April 4, 2018 at 5:30 p.m.

Dave Miller: Hope is an accepting community


I have really wrestled with a topic for this column.

I don't want to be a downer, constantly harping on why things aren't the way that they should be. That's a lousy attitude to have, especially when surrounded by a loving, caring family in a loving, caring community.

But this business about SB 101, the Religious Freedom Restoration Act, really bothers me. Of course there are people who feel that this law is the right thing to do. But I have yet to speak to any of them in person, much less be convinced of the merit of their arguments. This law is silly and harmful and an affront to the kind and loving spirit of this community and Indiana in general.

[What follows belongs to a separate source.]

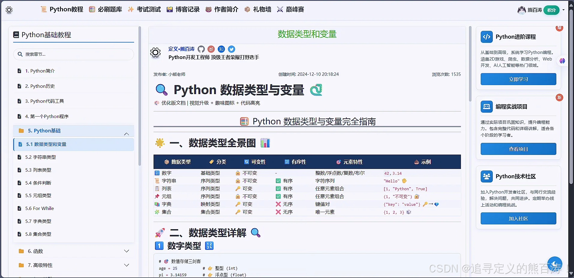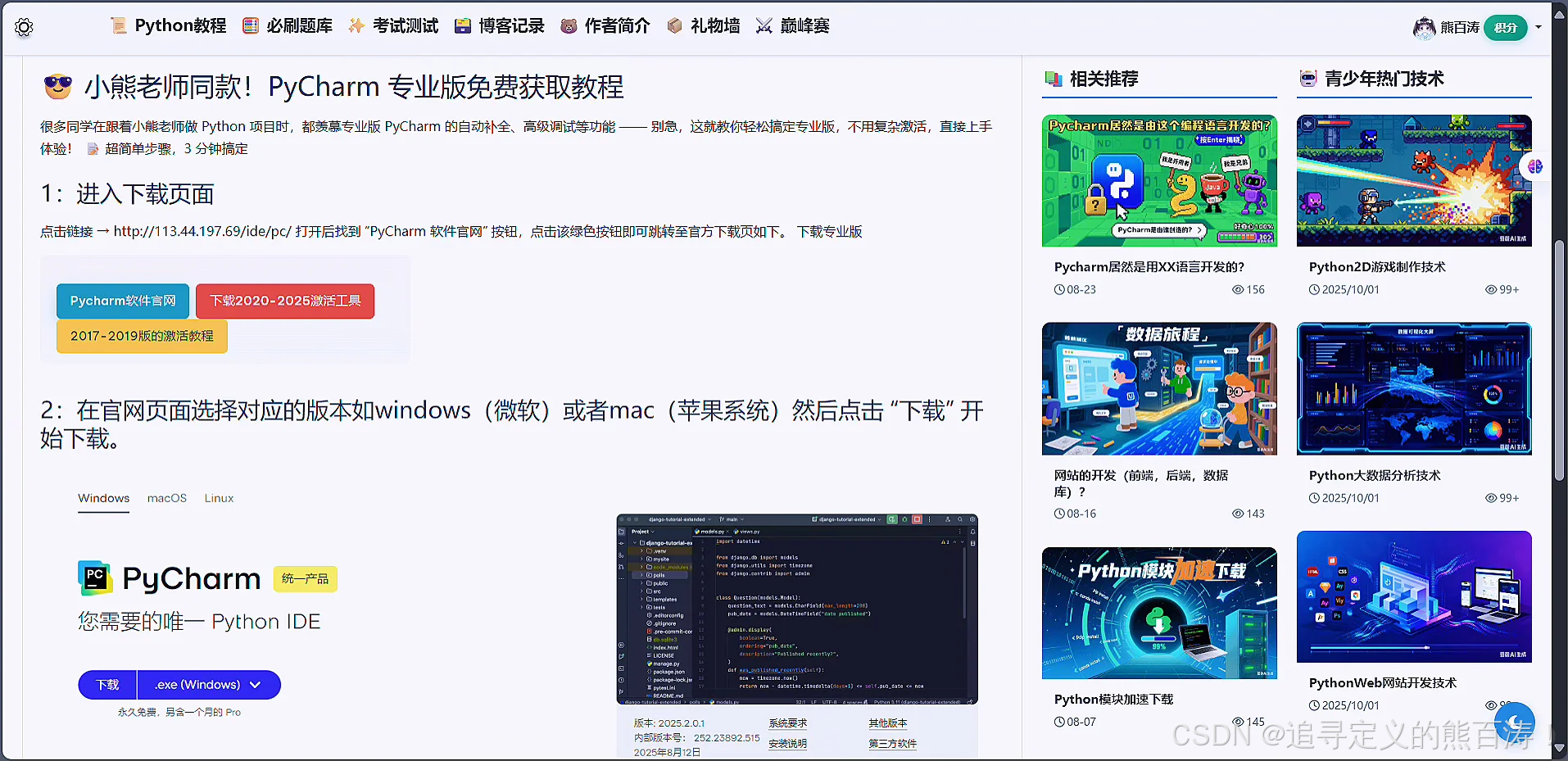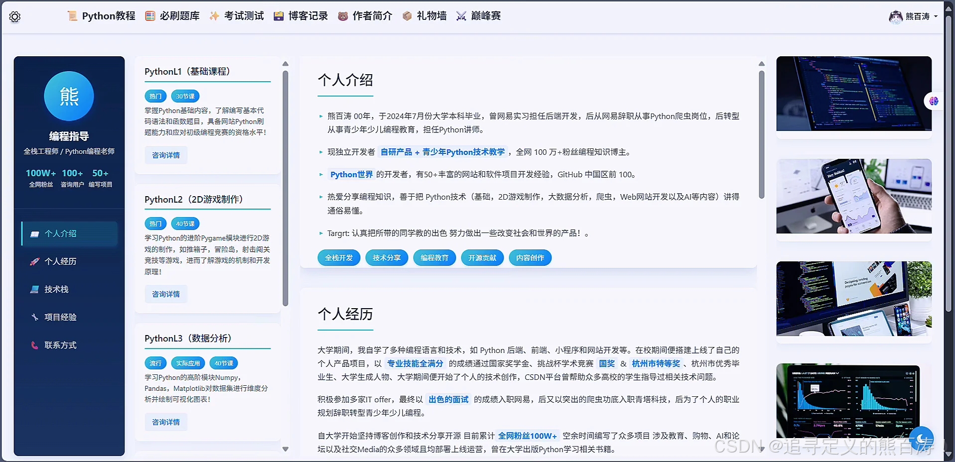 第一个是在网易做后端开发,第二个是在青塔科技做爬虫。然后呢,在今年的7月份算是裸辞在做独立开发者以及同时做青少年编程教育这个行业,并且也在手底下带教近30位同学,所以前段时间就想着给同学们做一款学习网站,这样的话,在课上可以跟着我学,放学之后呢,可以在家里看看技术,刷刷题,逛逛网站,可以让学习形成一个闭环,也算比较不错。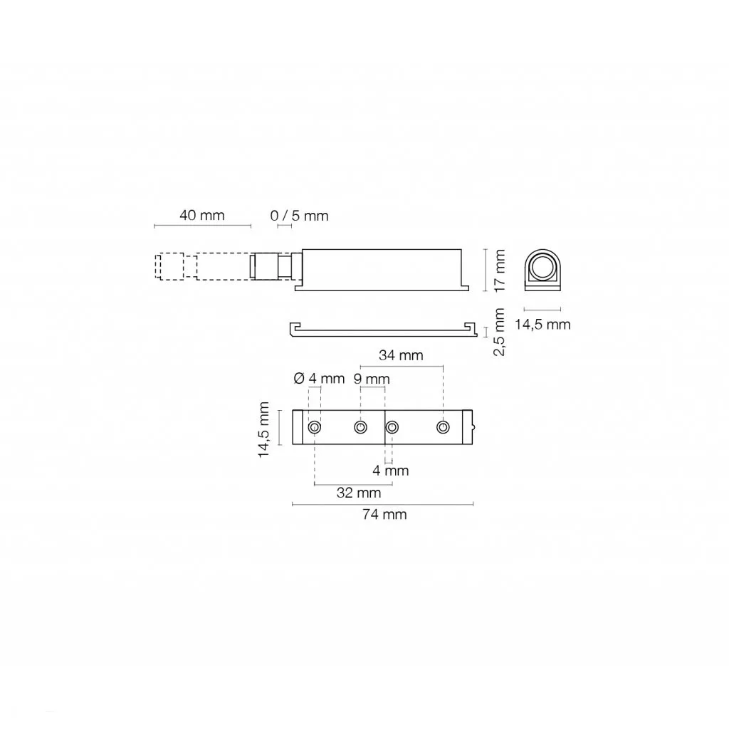 Nyomásra nyitható fogantyú nélküli ajtónyitó rendszer 74x14 mm fehér

I love Indiana and the Midwest. I have several T-shirts proclaiming my hometown/state/region pride, and for good reason. Midwesterners are known as hardworking, kind, generous people.

Generally, we are.

We are innovators in agriculture, manufacturing, and technology. We value education and community. We look out for one another, here in Hope more than anywhere else that I've ever been.

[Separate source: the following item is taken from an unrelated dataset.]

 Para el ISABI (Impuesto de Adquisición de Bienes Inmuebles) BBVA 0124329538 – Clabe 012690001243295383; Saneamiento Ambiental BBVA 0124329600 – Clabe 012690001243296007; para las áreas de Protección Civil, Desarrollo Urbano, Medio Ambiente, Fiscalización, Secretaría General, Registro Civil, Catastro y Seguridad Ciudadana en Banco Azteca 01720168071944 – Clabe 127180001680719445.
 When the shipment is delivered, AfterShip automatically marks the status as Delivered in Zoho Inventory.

Hope is a small town, and certainly provincial in some ways. Hope is traditional, we love our historic town, and legitimate threats to our community are taken very seriously. But nobody that I've ever spoken to in Hope feels persecuted or unable to express their beliefs. I sincerely believe that Hope is a welcoming town and a far more understanding town that the statehouse gives us credit for.

Of course there are people both living and also visiting here who identify with the LGBT community as well. It's never occurred to me that they might be denied service over their gender or sexual identities. I just can't comprehend of any of our business or community leaders even thinking in those terms.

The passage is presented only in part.